That's great news Luke  ! glad you figure that out. Nice looking mantis there and best of luck with them bro.


----------



## Fisherman_Brazil (Dec 20, 2007)

Thanks Mike and Yen,

later with little luck, shall have some ooth available, and will ship to the States and Germany, so everybody may have opportunity to breed them.


----------



## Fisherman_Brazil (Mar 27, 2008)

Sent all my ooth to germany friends, and now finaly I have managed to trade another ooth to work with, and now I have few subadult and L3 nymphs. Will keep updated when I am lucky enough to have them mated shortly.

Luke


----------



## Gurd (Mar 27, 2008)

Good luck with them Luke


----------



## hibiscusmile (Mar 27, 2008)

Yes we can hardly wait for some ooths, I have two types now and love the way they walk and box, they look like Popeyes arms :lol:


----------



## Fisherman_Brazil (Mar 29, 2008)

Thanks all.

I need to apologize for the misleading by calling Amantis nawai the "black hand/arm boxer mantis", although just for fun and for easy remembering. The name NA-WA-I (fame-peace-distinguish) is an Japanese scholar, could be the one first describing it. Sorry I have no answer to that, but I would feel guilty if people would follow my wrong doing and continuing call it this name.

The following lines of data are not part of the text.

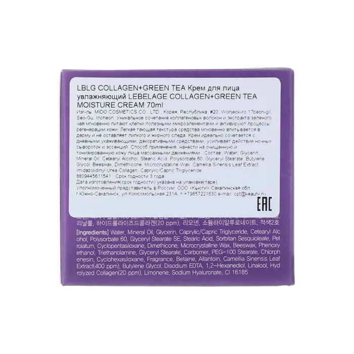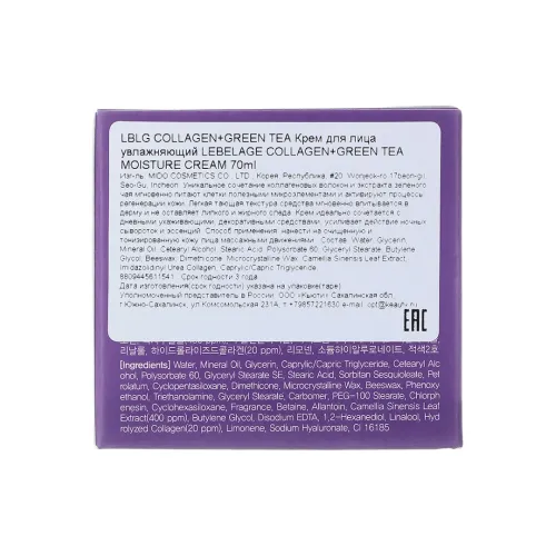 Крем для лица увлажняющий LEBELAGE COLLAGEN + GREEN TEA MOISTURE CREAM 70 мл
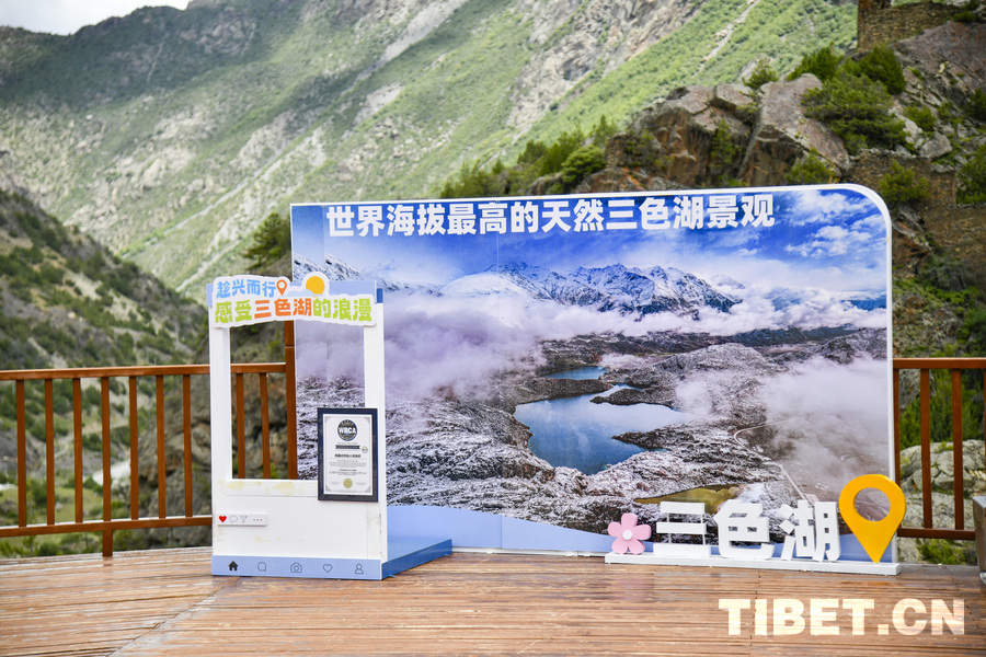 Das Dreifarbensee Gebiet befindet sich im Kreis Banbar der Stadt Qamdo im Autonomen Gebiet Xizang, ungefähr 50 Kilometer vom Hauptort des Kreises Banbar entfernt. Die drei Seen, nämlich der Schwarze See, der Weiße See und der Gelbe See, weisen im Sonnenlicht unterschiedliche Färbungen auf, weshalb sie als „Dreifarbenseen“ bezeichnet werden. Diese natürliche Landschaftsformation ist dreieckig angeordnet und umfasst eine Gesamtfläche von 150 000 Quadratmetern. Die niedrigste Seehöhe liegt bei 4100 Metern. Am 1. August 2024 wurde das Dreifarbensee-Gebiet von der Weltrekord-Zertifizierungsstelle als „Höchstgelegenes natürliches Dreifarbensee Landschaftsbild der Welt“ anerkannt.
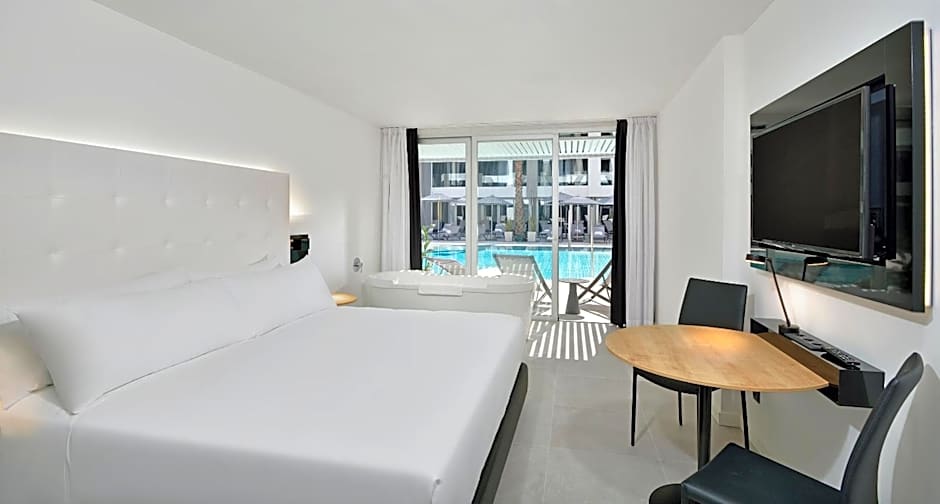 With direct access to the pool area, bathrobe and flat-screen TV.
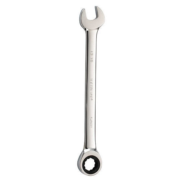 Description Ratcheting Wrench, Alloy Steel, Chrome, Head Size 13/16 in, Overall Length 11 1/2 in, Head Offset Angle 0 Degrees , Standard, Head Thickness 1/2 in, SAE, Rounded
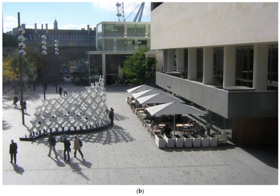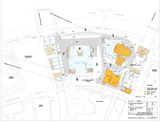 - Aelbrecht, P.S. The complex regeneration of post-war modernism: London’s Southbank Centre’s Masterplan. Urban Des. Int. 2017, 22, 331–348. [Google Scholar] [CrossRef]
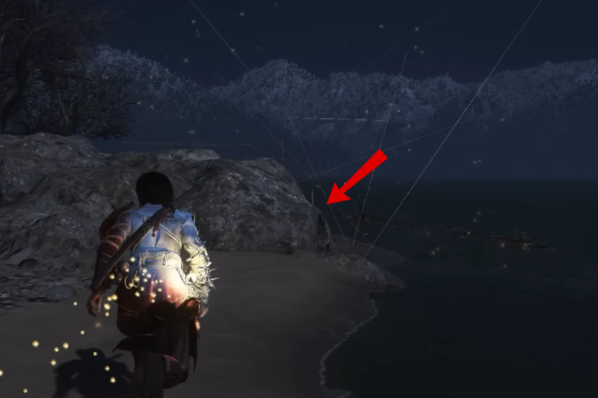 Near the beach of Lake Suigutsu in the Wakasa region, you will find a small island near the Hiruga Bay. Head towards the rock, and you will find the Riddle of the Arch at the foot of the rock.
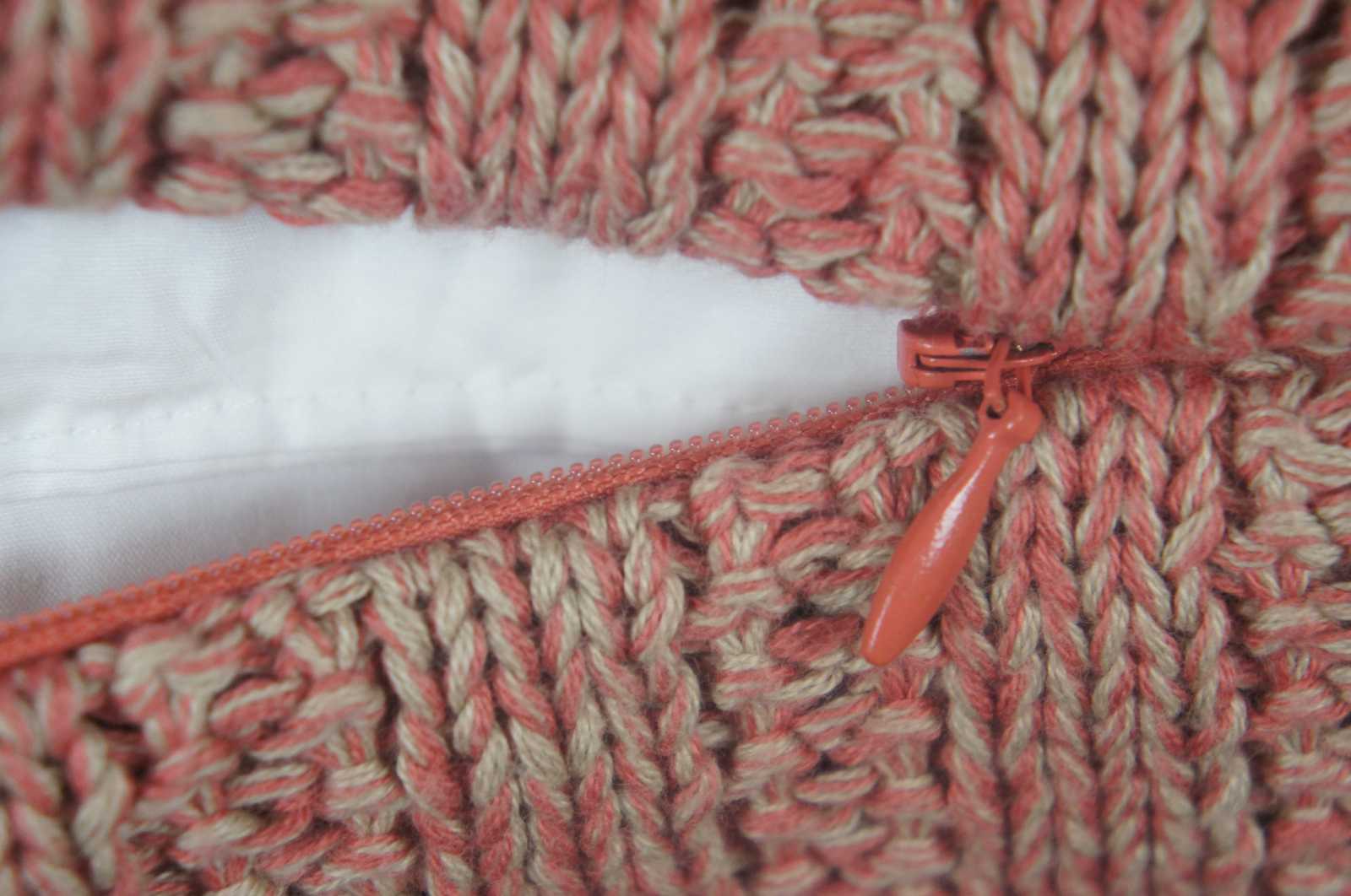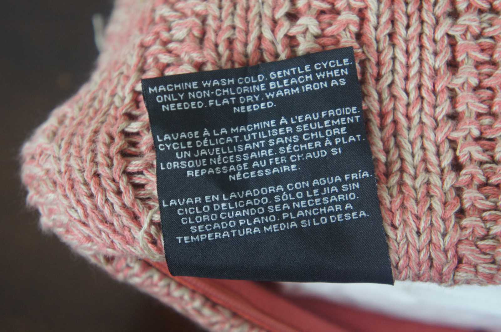 Four vintage Graydon Melange down filled rib-knit throw pillows by Ralph Lauren. Color: Dune & Nantucket Red
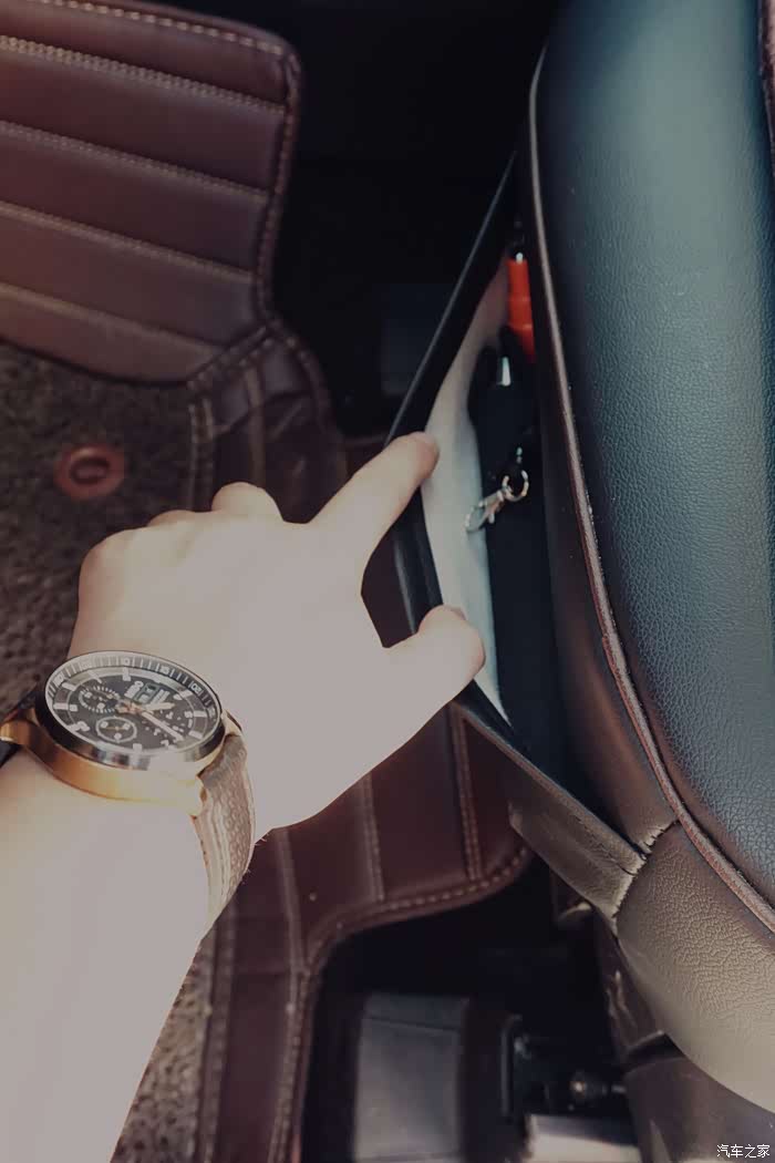 主副驾座椅前面都有储物袋,我在这里放了根甩棍防身,收藏隐蔽,拿取方便。
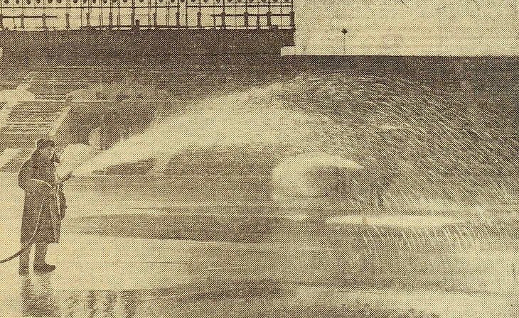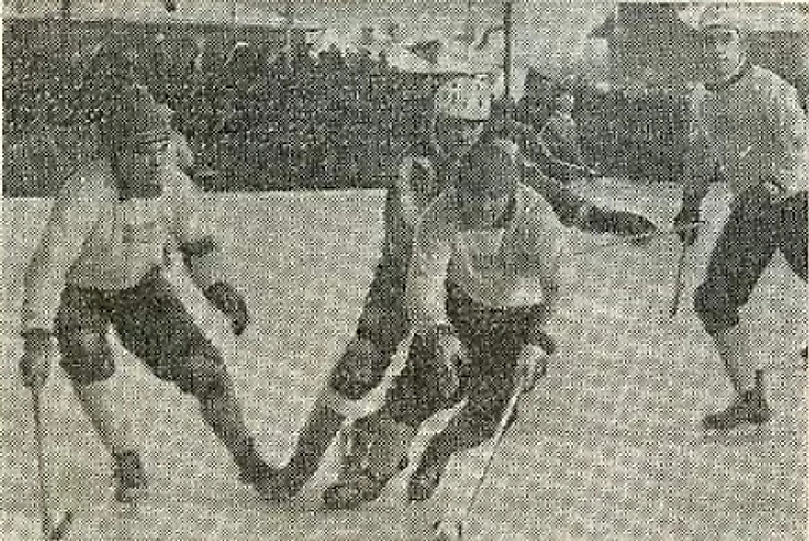 19 (?) февраля 1965 года. Москва. Центральный стадион «Динамо». «Последние приготовления к IV чемпионату мира по хоккею с мячом» (фото Б. Шипунова из газеты «Советский спорт» № 42 за 20 февраля 1965 года)

Amantis nawai is a very small species, not really for anybody to keep. You must have some little prey for the L1, after that FF will be just perfect. Otherwise, the casualty will be more than we can possibly imagine. This species do boxing a lot, and can be identified by the black arm very easy, considered rare here in Taiwan, although really wild distributed over the mountainous region all over the island.

Luke


----------



## Hypoponera (Mar 29, 2008)

A possible candidate for springtails! Or the tiny fruitflies that are produced as a culture's food supply runs out.


----------



## Fisherman_Brazil (May 21, 2008)

This species is not very difficult to breed if you have small prey ready. Any case, only FF is available the 30% out of the hatchlings (15 nymphs is nominal ) will likely be losing. Room temperature will be ok, and daily misting will be just fine. Very robust species, and please separate them no later then L4 if preferred as the cannibalism likely to happen the most.


----------